▶ **Source material**:
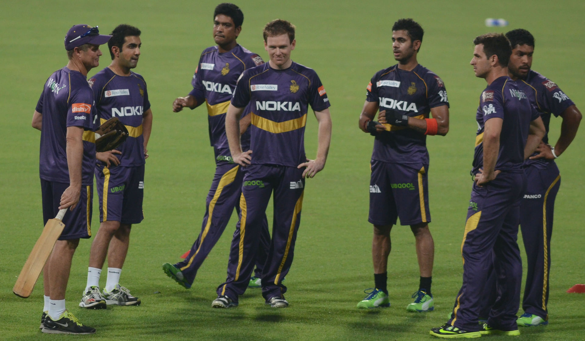 Kolkata Knight Riders players practice at the Eden Gardens in Kolkata ahead of their opening IPL game against Delhi Daredevils (Photo: IANS)
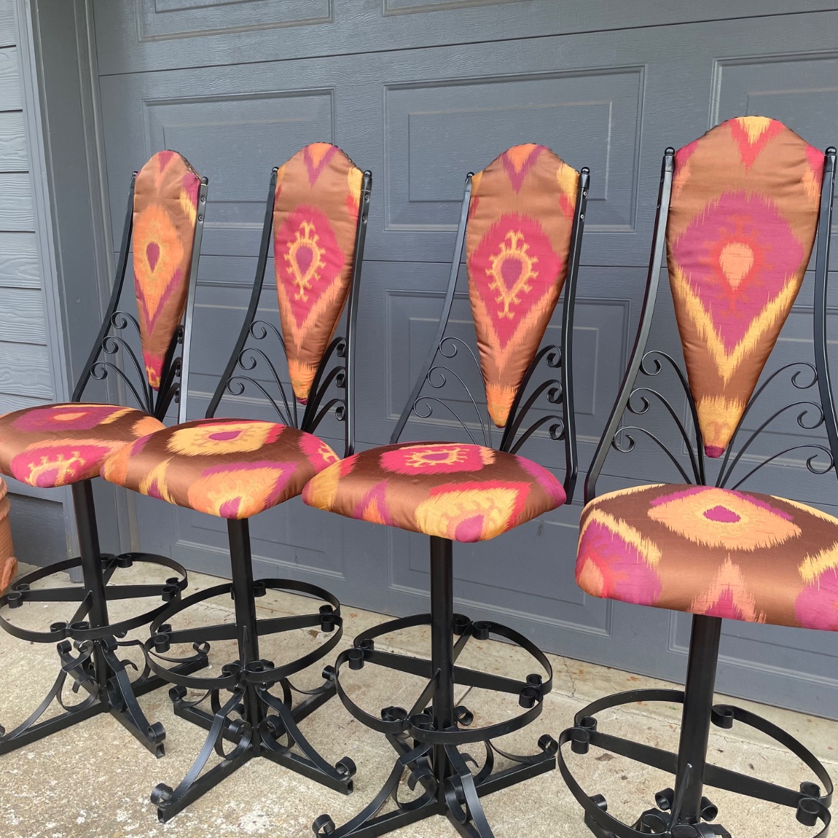 The iron frames appear to be in excellent structural condition with no visible rust or failed welds. Sets of four are significantly more valuable than pairs or singles.
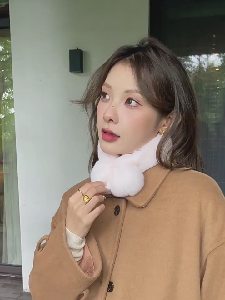 Crafted from genuine Rex rabbit fur, this piece offers a soft, velvety texture that is smooth to the touch and resistant to shedding. Adorned with charming fur pom-poms, it carries a sweet and playful elegance while maintaining a refined feel.
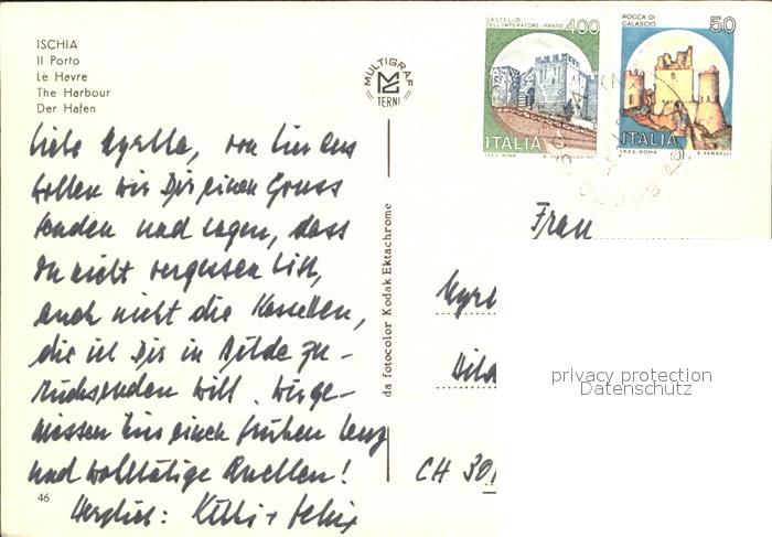 alte Postkarte Ischia Hafen postalisch gelaufen Erhaltung siehe scans
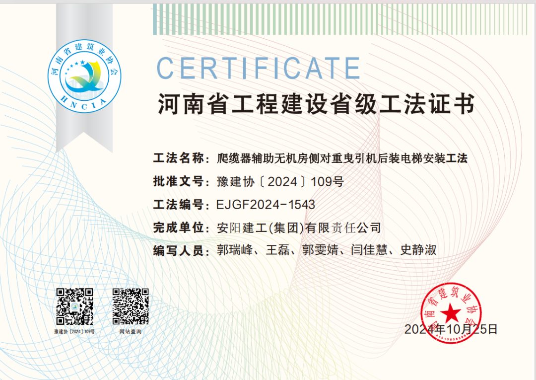 近日,集團(tuán)公司技術(shù)創(chuàng)新成果再創(chuàng)佳績(jī)。公司申報(bào)的《爬纜器輔助無(wú)機(jī)房側(cè)對(duì)重曳引機(jī)后裝電梯安裝工法》順利通過(guò)省協(xié)會(huì)專家評(píng)審,榮獲2024年“河南省省級(jí)工法”。
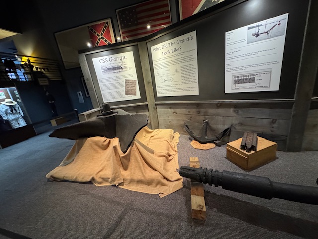 I was happy to see two wrecks, but discovered as we explored the remains of the CSS Alabama (a gun recently salvaged from the famous wreck), lost cargo from the wrecked CSS Georgia when it tried to run the blockage, bits of the CSS Virginia (yes, the former USS Merrimack), the flag of captured ships (on both sides), and the flag from the CSS Arkansas (the wreck is likely buried under a levy and unreachable).
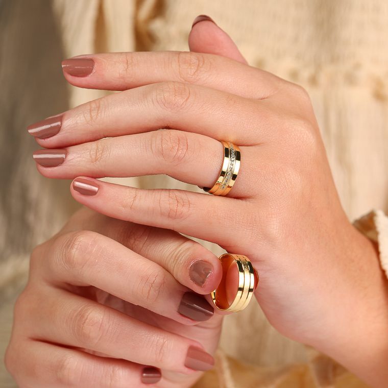 Confeccionadas em ouro maciço 18K (750), as alianças Florença trazem sofisticação em cada traço e são ideais para casais que valorizam um design clássico com personalidade.
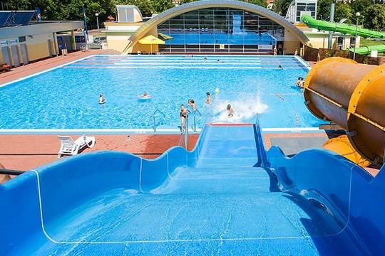 Kolonistów czeka super wodna zabawa w Aquapark-u Helios. W kompleksie znajduje się :basen pływacki ,basen rekreacyjny, gejzery powietrzne, zjeżdżalnia wodna o długości 45m, basen sezonowy: zjeżdżalnia wodna, zjeżdżalnia płaszczyznowa. Po wodnym szaleństwie kolonistów będą czekać pojazdy typu Melex, by bezpiecznie wrócić do ośrodka.
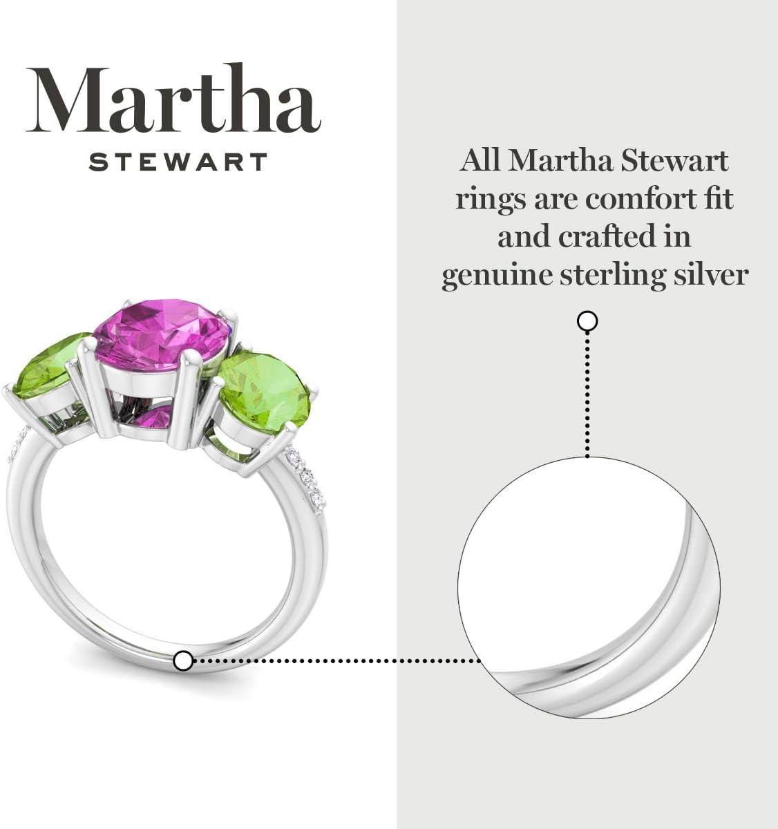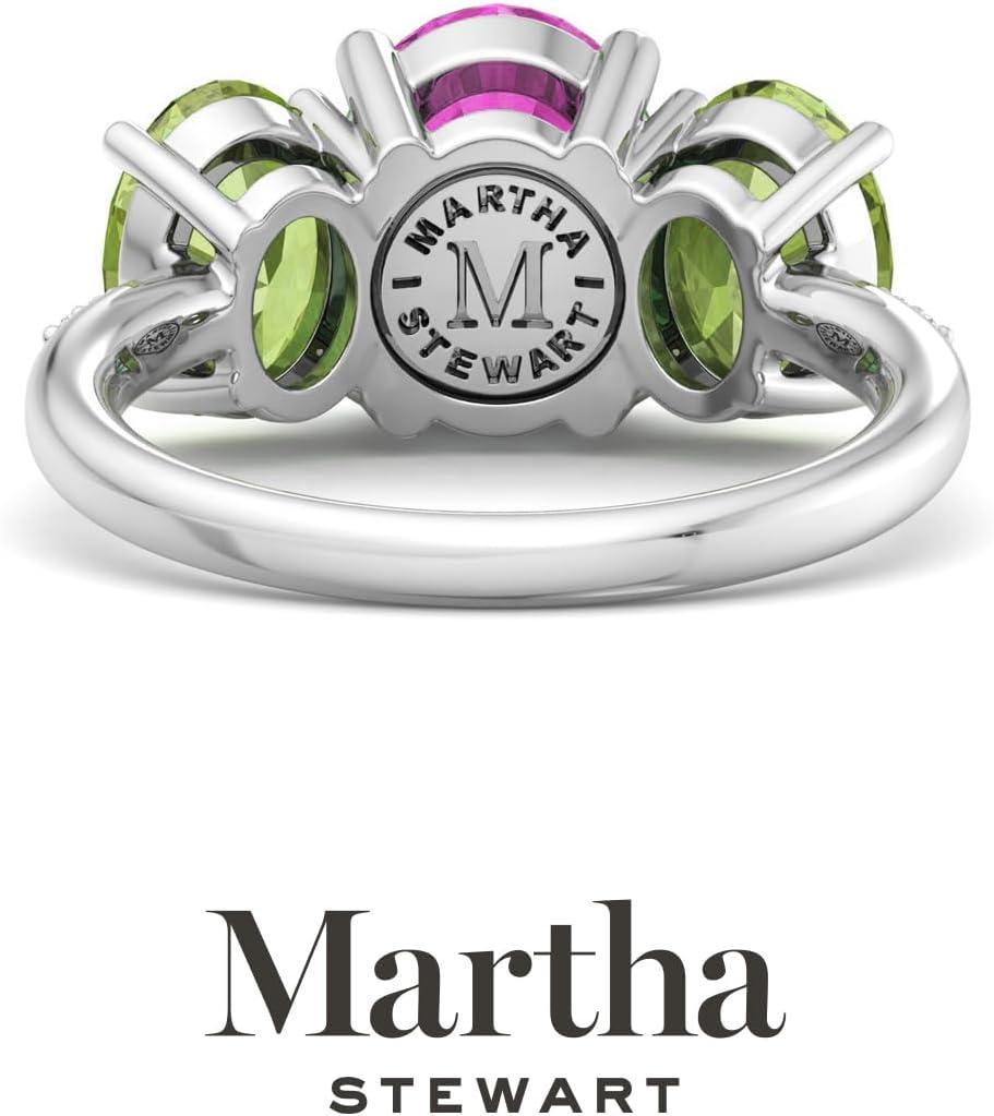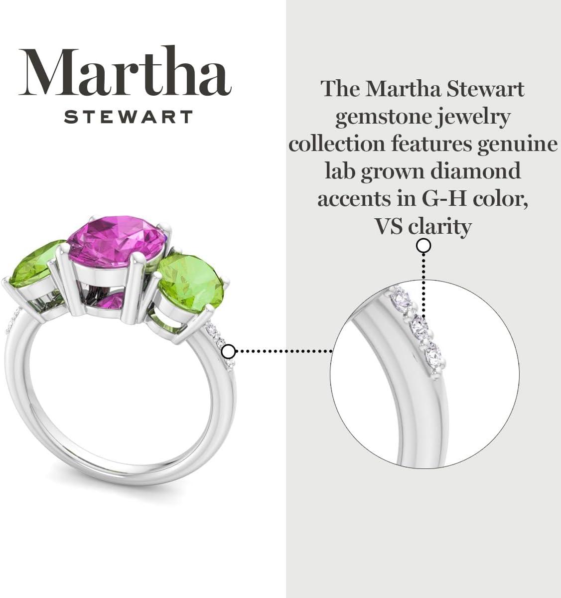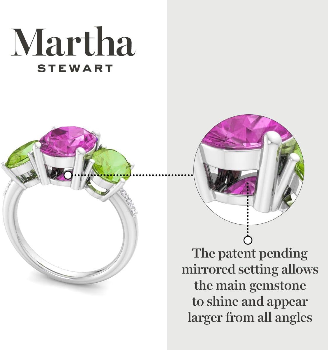 Martha Stewart 5 Carat Oval Shape Gemstone Three Stone Ring with Lab Grown Diamonds in Sterling Silver, Choose Your Gemstone(Option 7)
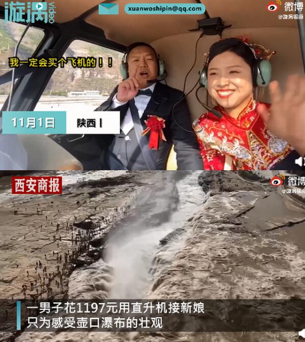 11月1日,陕西延安的赵先生结婚花费1197元用直升机接新娘,只为感受壶口瀑布的壮观。赵先生介绍,因为从小在黄河边长大,对黄河有特别的热爱,所以在自己结婚的时候就想到了唢呐和黄河。据悉,婚礼现场的唢呐演奏者,曾在30年前为他父母的婚礼演奏过乐曲。网友评论网友:非常有意思延伸阅读:结婚日大雪封路 两位新郎坐高铁接亲“来来,大家吃喜糖!”2018年1月5日,在武汉开往北京西的G510次列车上,两对新人和列车长一起挨个车厢发起了喜糖,引起了众人的围观。原来,家住明港的李先生定于1月5日前
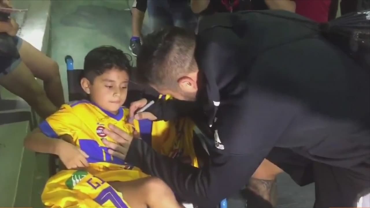 Tras la derrota ante América, el delantero le regaló una camiseta y le dio su autógrafo a un niño fanático de Tigres que padece dificultades físicas.
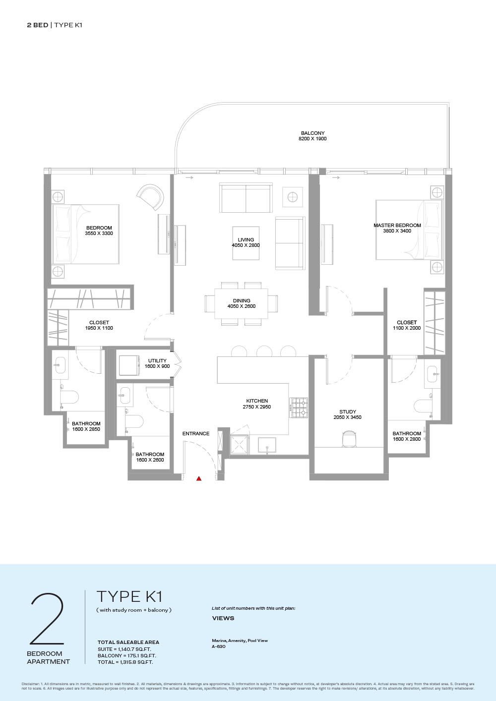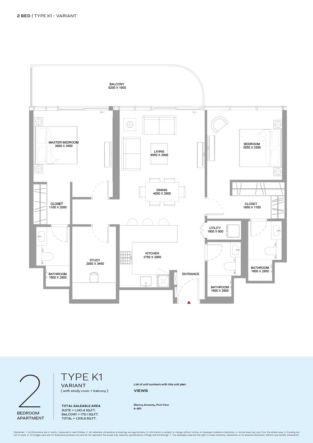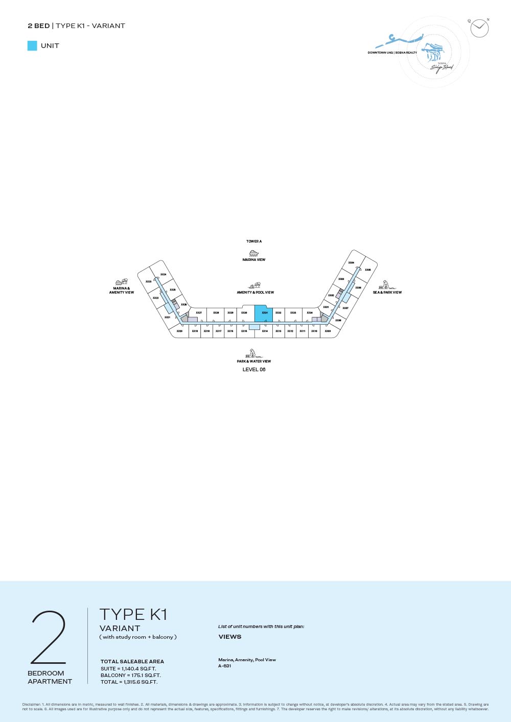| Tower A | 2 Bedrooms + Study | 06th Level (Type K1-Variant) | 1315.60 Sq Ft | Click Here |
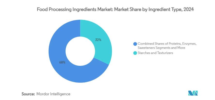 澱粉およびテクスチャライザーは、2024年に32.04%という大きなシェアで市場を支配しています。この顕著な存在感は、ベーカリー製品から加工食品に至るまで、数多くの食品・飲料用途において食品の構造と食感を決定づける上で、これらの原料が極めて重要であることに起因しています。製品品質と消費者の受容性を維持しようとするメーカーにとって、これらの原料は依然として不可欠です。
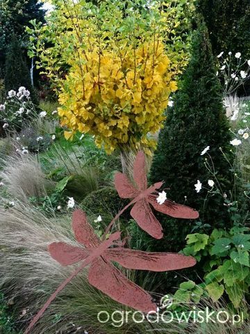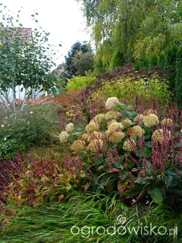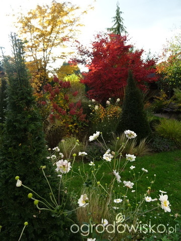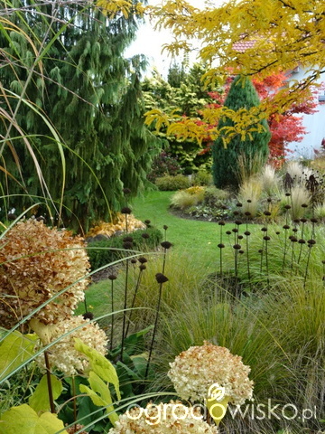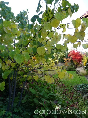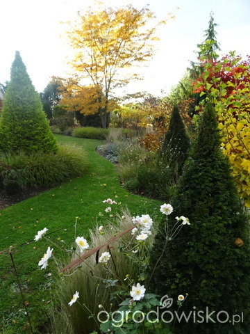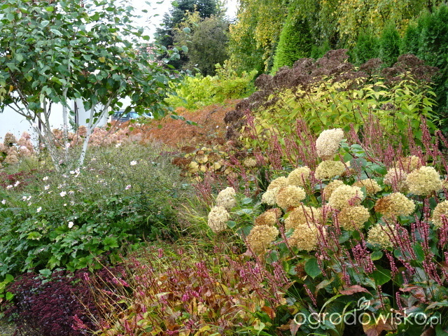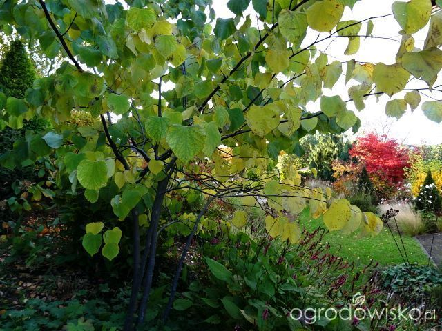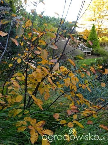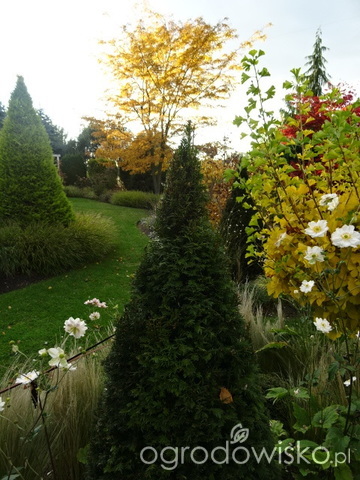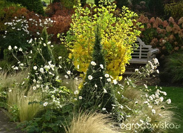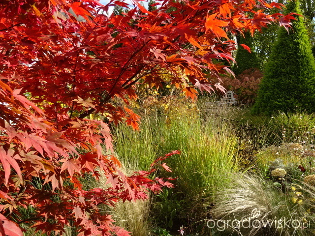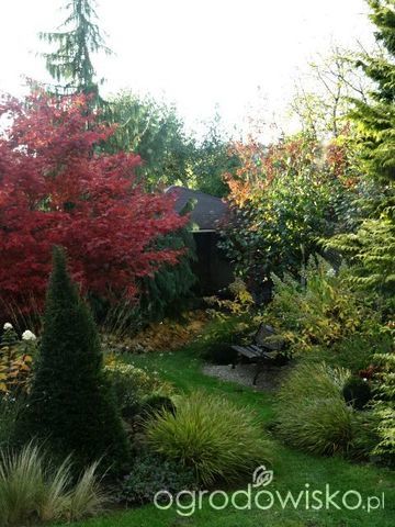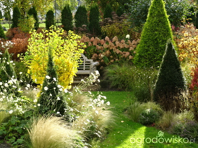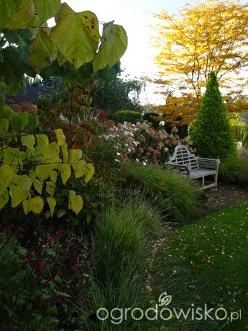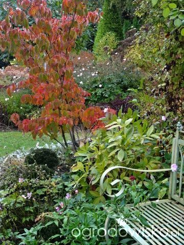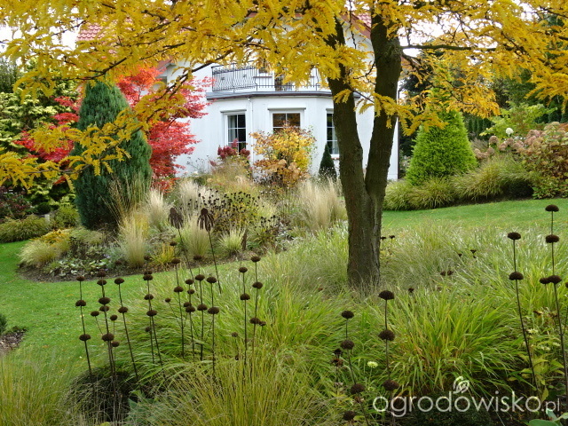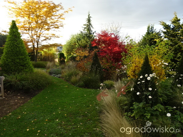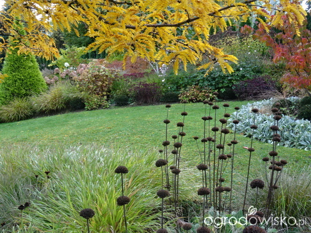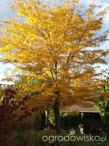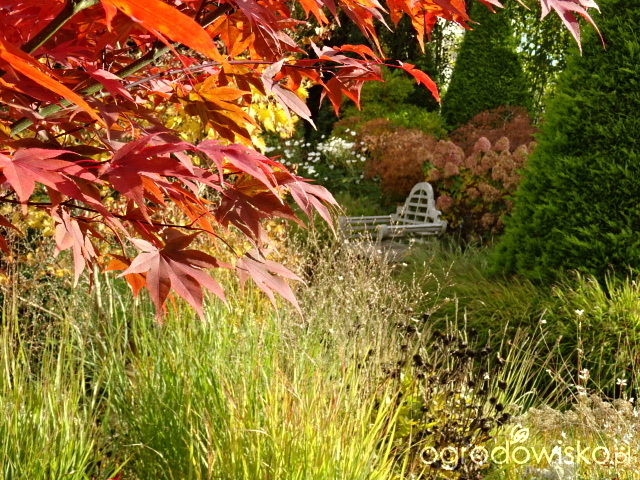 Ciekawy kontrast zielonej jeszcze brzozy z żółtą glediczją i brązem sadźca oraz klona dissectum.

▶ **Assigned task**: The whole listing above needs to be copied exactly; please keep the pictures out.

▶ **Task response**:
 Kolkata Knight Riders players practice at the Eden Gardens in Kolkata ahead of their opening IPL game against Delhi Daredevils (Photo: IANS)
 The iron frames appear to be in excellent structural condition with no visible rust or failed welds. Sets of four are significantly more valuable than pairs or singles.
 Crafted from genuine Rex rabbit fur, this piece offers a soft, velvety texture that is smooth to the touch and resistant to shedding. Adorned with charming fur pom-poms, it carries a sweet and playful elegance while maintaining a refined feel.
 alte Postkarte Ischia Hafen postalisch gelaufen Erhaltung siehe scans
 近日,集團(tuán)公司技術(shù)創(chuàng)新成果再創(chuàng)佳績(jī)。公司申報(bào)的《爬纜器輔助無(wú)機(jī)房側(cè)對(duì)重曳引機(jī)后裝電梯安裝工法》順利通過(guò)省協(xié)會(huì)專家評(píng)審,榮獲2024年“河南省省級(jí)工法”。
 I was happy to see two wrecks, but discovered as we explored the remains of the CSS Alabama (a gun recently salvaged from the famous wreck), lost cargo from the wrecked CSS Georgia when it tried to run the blockage, bits of the CSS Virginia (yes, the former USS Merrimack), the flag of captured ships (on both sides), and the flag from the CSS Arkansas (the wreck is likely buried under a levy and unreachable).
 Confeccionadas em ouro maciço 18K (750), as alianças Florença trazem sofisticação em cada traço e são ideais para casais que valorizam um design clássico com personalidade.
 Kolonistów czeka super wodna zabawa w Aquapark-u Helios. W kompleksie znajduje się :basen pływacki ,basen rekreacyjny, gejzery powietrzne, zjeżdżalnia wodna o długości 45m, basen sezonowy: zjeżdżalnia wodna, zjeżdżalnia płaszczyznowa. Po wodnym szaleństwie kolonistów będą czekać pojazdy typu Melex, by bezpiecznie wrócić do ośrodka.
 Martha Stewart 5 Carat Oval Shape Gemstone Three Stone Ring with Lab Grown Diamonds in Sterling Silver, Choose Your Gemstone(Option 7)
 11月1日,陕西延安的赵先生结婚花费1197元用直升机接新娘,只为感受壶口瀑布的壮观。赵先生介绍,因为从小在黄河边长大,对黄河有特别的热爱,所以在自己结婚的时候就想到了唢呐和黄河。据悉,婚礼现场的唢呐演奏者,曾在30年前为他父母的婚礼演奏过乐曲。网友评论网友:非常有意思延伸阅读:结婚日大雪封路 两位新郎坐高铁接亲“来来,大家吃喜糖!”2018年1月5日,在武汉开往北京西的G510次列车上,两对新人和列车长一起挨个车厢发起了喜糖,引起了众人的围观。原来,家住明港的李先生定于1月5日前
 Tras la derrota ante América, el delantero le regaló una camiseta y le dio su autógrafo a un niño fanático de Tigres que padece dificultades físicas.
| Tower A | 2 Bedrooms + Study | 06th Level (Type K1-Variant) | 1315.60 Sq Ft | Click Here |
 澱粉およびテクスチャライザーは、2024年に32.04%という大きなシェアで市場を支配しています。この顕著な存在感は、ベーカリー製品から加工食品に至るまで、数多くの食品・飲料用途において食品の構造と食感を決定づける上で、これらの原料が極めて重要であることに起因しています。製品品質と消費者の受容性を維持しようとするメーカーにとって、これらの原料は依然として不可欠です。
 Ciekawy kontrast zielonej jeszcze brzozy z żółtą glediczją i brązem sadźca oraz klona dissectum.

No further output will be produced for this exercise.